Además, otras células, los progenitores de las células que dan lugar a las células inmunitarias, también crecen en número. Y lo que es más importante, estos progenitores también cambian su ubicación típica dentro de la médula ósea, reubicándose cerca de las células osteoprogenitoras y presentan una nueva comunicación célula a célula con estas células, en particular con un subgrupo denominado progenitores granulocito-monocitario s ( BPF).
«Creemos que esta comunicación osteoprogenitor-GMP es clave, porque los GMP dan lugar a neutrófilos y monocitos, células inmunitarias que sabe desde hace tiempo que se acumulan en algunos tumores de cáncer de mama en pacientes y modelos de ratón de cáncer de mama y Ayudan ha promovido el crecimiento tumoral y suprimido la respuesta inmune antitumoral”, Dijo Hao.
Los investigadores se sorprendieron al saber que no extirparon el tumor, que considerado el origen del problema, la alteración de la médula ósea no se recuperó de inmediato.
“Observamos esto en modelos animaux”, confirmó Hao. “En casos de pacientes, hemos visto que comprendían más de 40 semanas después de la extirpación por el tumor, si presentaban un mayor número de neutrófilos en su sangre, lo cual es clínicamente relevante”.
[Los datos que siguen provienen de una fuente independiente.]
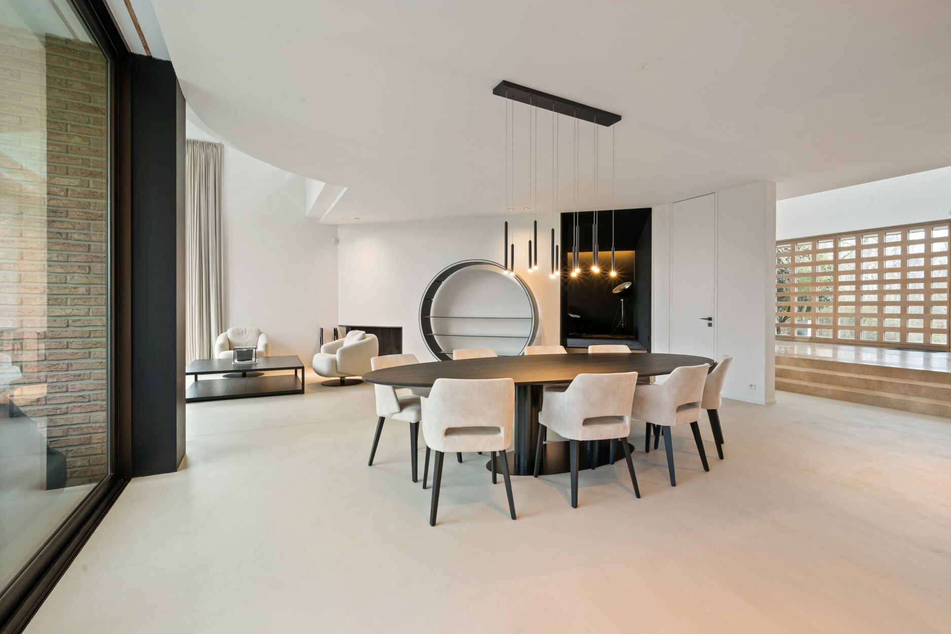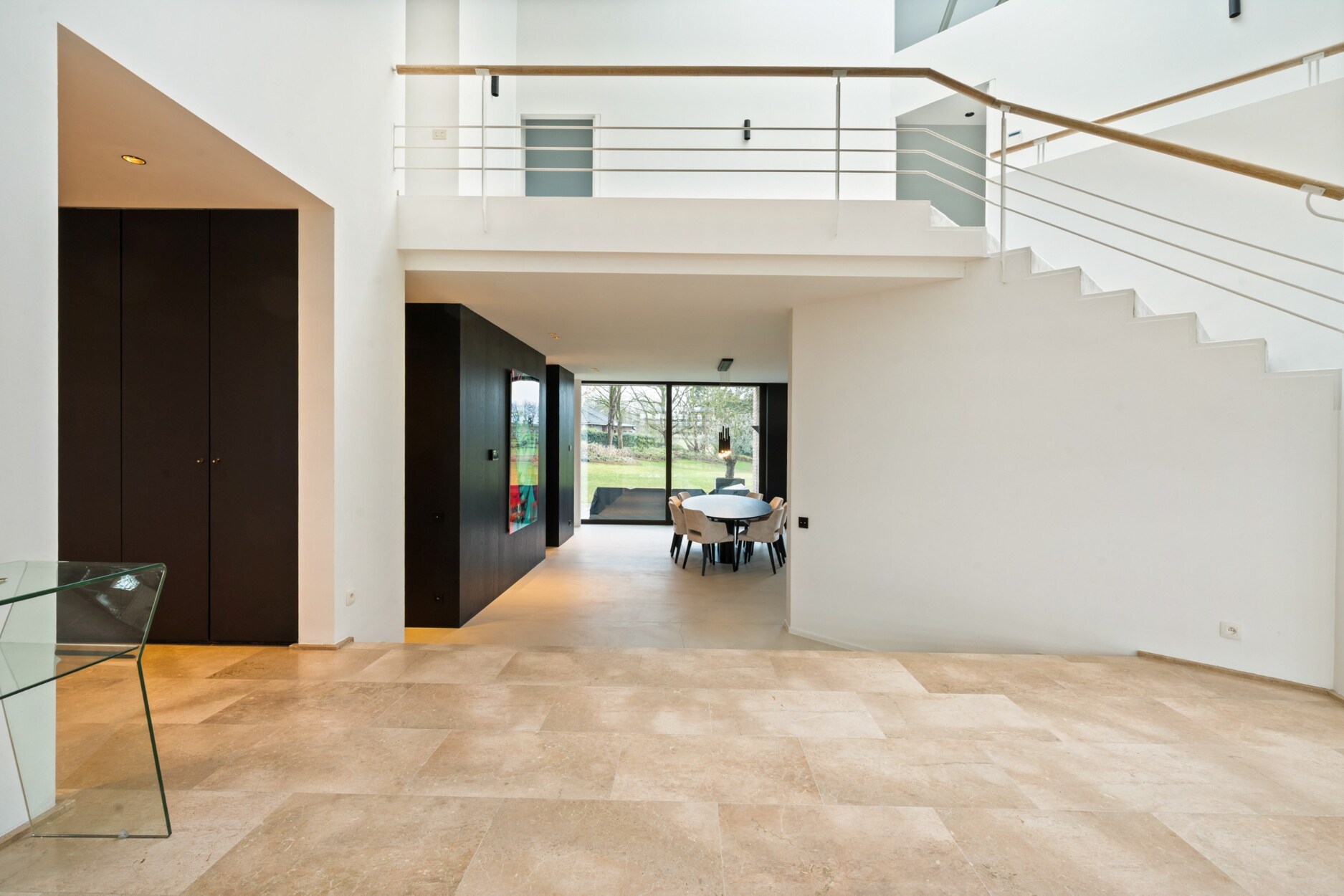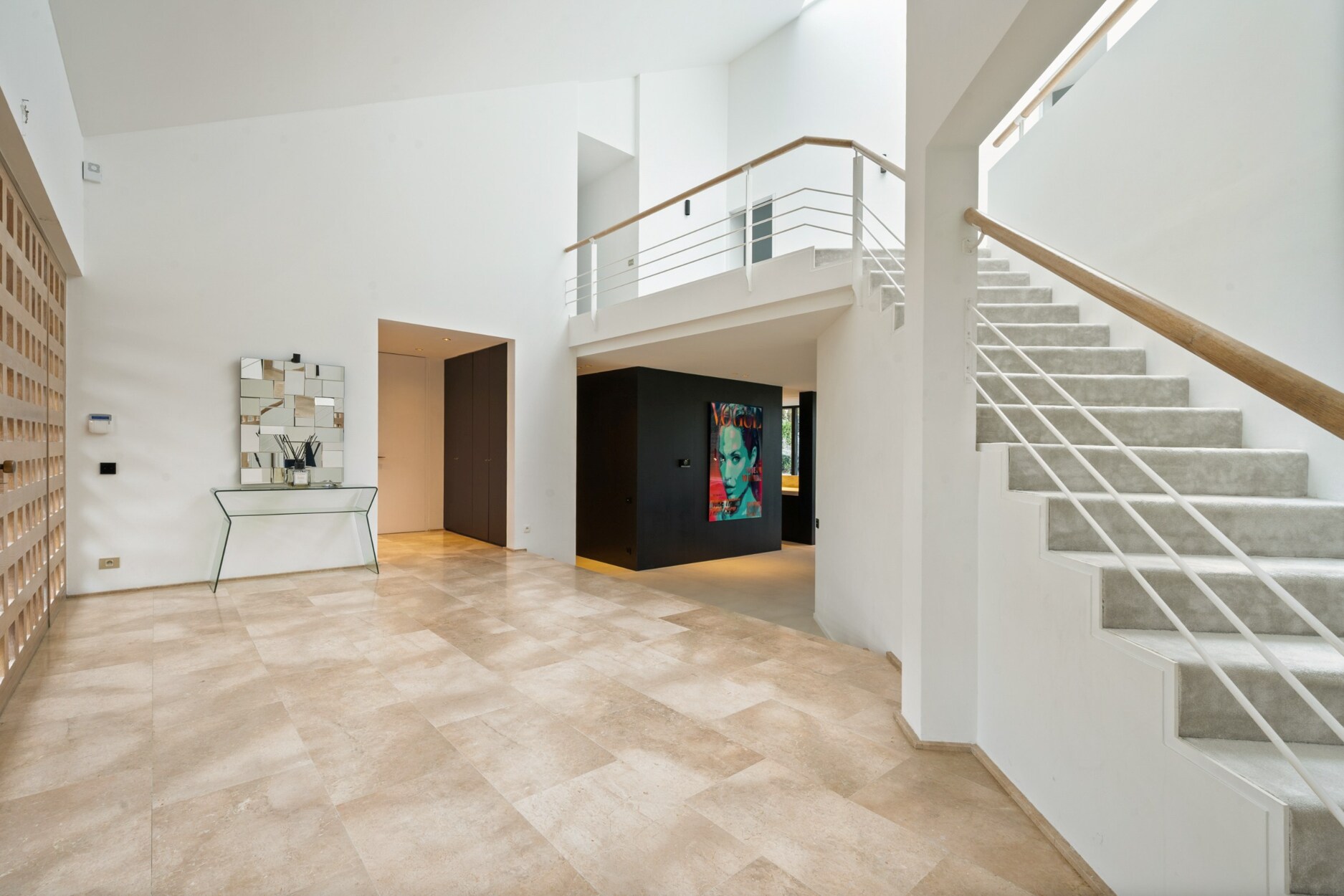 De villa werd recent met hoogwaardige materialen en een moderne visie gerenoveerd, waardoor elk detail vandaag het niveau van hedendaagse luxe haalt. Bij binnenkomst in de ruime inkomhal vallen de verfijnde afwerking en het open karakter meteen op. De grote leefruimtes baden in het licht dankzij royale raampartijen en sluiten naadloos aan op de tuin en het zwembad. De hypermoderne open keuken vormt het hart van de woning en integreert perfect met de leefruimte. Een aparte family room, bureauruimte, praktische wasplaats, diverse bergruimtes en een ruime inpandige garage maken het gelijkvloers compleet en bijzonder functioneel.

En algunos casos, la extirpación del tumor estará guiada por inmunoterapia, cuyo éxito depende de un sistema inmunitario intacto. «Nuestros sellos sugieren que, al menos en algunos pacientes, el sistema inmunológico sigue comprometido tras la extirpación del tumor, lo que probablemente les produzca los efectos beneficiosos de la inmunoterapia», afirmó Zhang.
Nuestra investigación sugiere una nueva modalidad de tratamiento que es muy diferente de la actual estratagia.
Además, los hallazgos tienen implicaciones para la metástasis. La metástasis puede surgir años o incluso décadas después de la extirpación quirúrgica del tumor, sembrada por las células cancerosas que quedan residuos tras la intervención. “Un efecto inmunosupresor persistente en la operación puede crear un entorno favorable para la proliferación y metástasis de células cancerosas residuales”, dice Hao.
Los investigadores también identificaron la proteína MMP-13 como un mediador esencial de la diafonía entre las células osteoprogenitoras y las MMP. “Demostramos que eliminando o inhibiendo la MMP-13 podemos acelerar la recuperación del sistema inmunológico y restaurar la eficacia de la inmunoterapia”, dijo Hao.
“Nuestras hallazgos sugirieron una nueva modalidad de tratamiento muy diferente a la estratagia actual. No va a las células cancerosas, no va a las células T inmunitarias que atacan a las células cancerosas, va a todas las organizaciones. Se trata de eliminar una especie de sombra proyectada sobre todo el sistema inmunológico”, explica Zhang. “¿Estás solo? el principio de una serie de estudios sobre cómo los tumores alteran todas las organizaciones. Nuestros hallazgos respaldan la continuación de nuestra investigación en este camino, y esperamos que conduzca a la identificación de tratamientos mejorados para los pacientes de cáncer”.